Patrz, jaki swiat maly. Rodzic tam wlasnie się wybudził dzis po cięzkiej operacji. Mnie tak tąpnęło adrenalinowo, że przez chwilę się obawiałem, że będę musiał zawezwać karetkę - do siebie.
Co do terminu konsultacji - Rodzic też pojechał na okresowe konsultacje, po których go zatrzymano w szpitalu na trzy tygodnie, bo wyszło, że w każdej chwili może zmienić ten swiat na lepszy.
Czyli jak z każdym szpitalem - przyjdziesz na izbę przyjęć, będziesz czekał pół dnia na badanie. Przywiezie Cię pogotowie, albo zasłabniesz na miejscu, od razu trafisz "na tasmę". Ale identycznie jest niestety w Anglii, gdzie medycyna ratunkowa jest na super poziomie, ale jeżeli nie ma bezposredniego i natychmiastowegto zagrożenia życia, też możesz niebezposrednio umrzeć w kolejkach.
Co do tego, że każdy się chce leczyć w Aninie - nie dziwię się - to kara dla profesora Religi za to, że stworzył naprawdę dobry szpital. Pomijając pewne niedociągnięcia planistyczno-logistyczne, złego słowa nie mogę powiedzieć. Poziom "architektoniczny" jest taki, że chyba jest to pierwszy polski szpital, ktory widziałem (a dzięki Rodzicowi, zas wczesniej dwójce zmarłych tesciów, sporo ich obejrzałem), wchodząc do którego nie czujesz "powiewu smierci".

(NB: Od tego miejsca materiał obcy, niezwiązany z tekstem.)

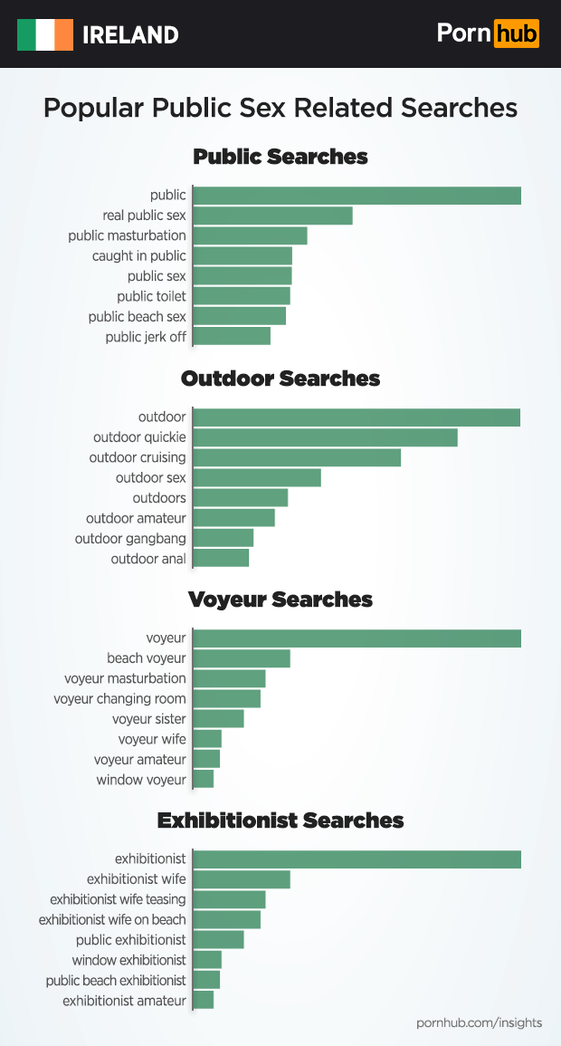 Public sex is a fantasy for many people, and while few may partake in such action, it’s a popular searches genre on Pornhub. Public sex fantasies may involve having sex as an exhibitionist, or the chance of being seen by voyeur types. Our friends at Stellar Magazine reached out to see how Ireland stacks up against the world when it comes to getting it on in public.

Co do koronarografii, to według opinii znajomego dochtora tu bywającego jest to jedno z niewielu miejsc, gdzie bez żadnych obaw można ją robić. A blok pooperacyjny jest rodem z XXII wieku.

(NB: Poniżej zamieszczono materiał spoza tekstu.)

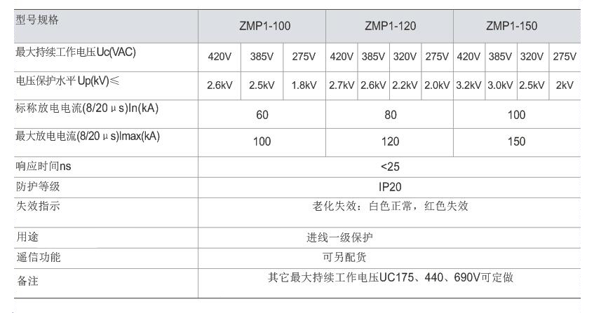 ZMP1系列電涌保護(hù)器(以下簡稱SPD)適用于TT、TN-C、IT等供配電系統(tǒng)三相電源的B級電涌保護(hù)。該產(chǎn)品采用一體的設(shè)計,其保護(hù)模式有L-PE/N-PE、L-N/N-PE兩種。具有通流容量大、殘壓低等特點;保護(hù)器本體具有熱脫離告警功能,可根據(jù)用戶要求增加遙信接點。

I jestem pełen uznania dla personelu za niby drobną, ale bardzo ludzką rzecz - wpuszczanie poza godzinami przyjęć - gdyby nie to, to mając do przejechania całą Warszawę po pracy nie mógłbym codziennie odwiedzać Rodzica. Nie ma tam czegos bardzo żenującego i przykrego, co jest nagminne w wielu innych szpitalach - cieciów wytawiających łapę po 5 czy 10 zł za wpuszczenie.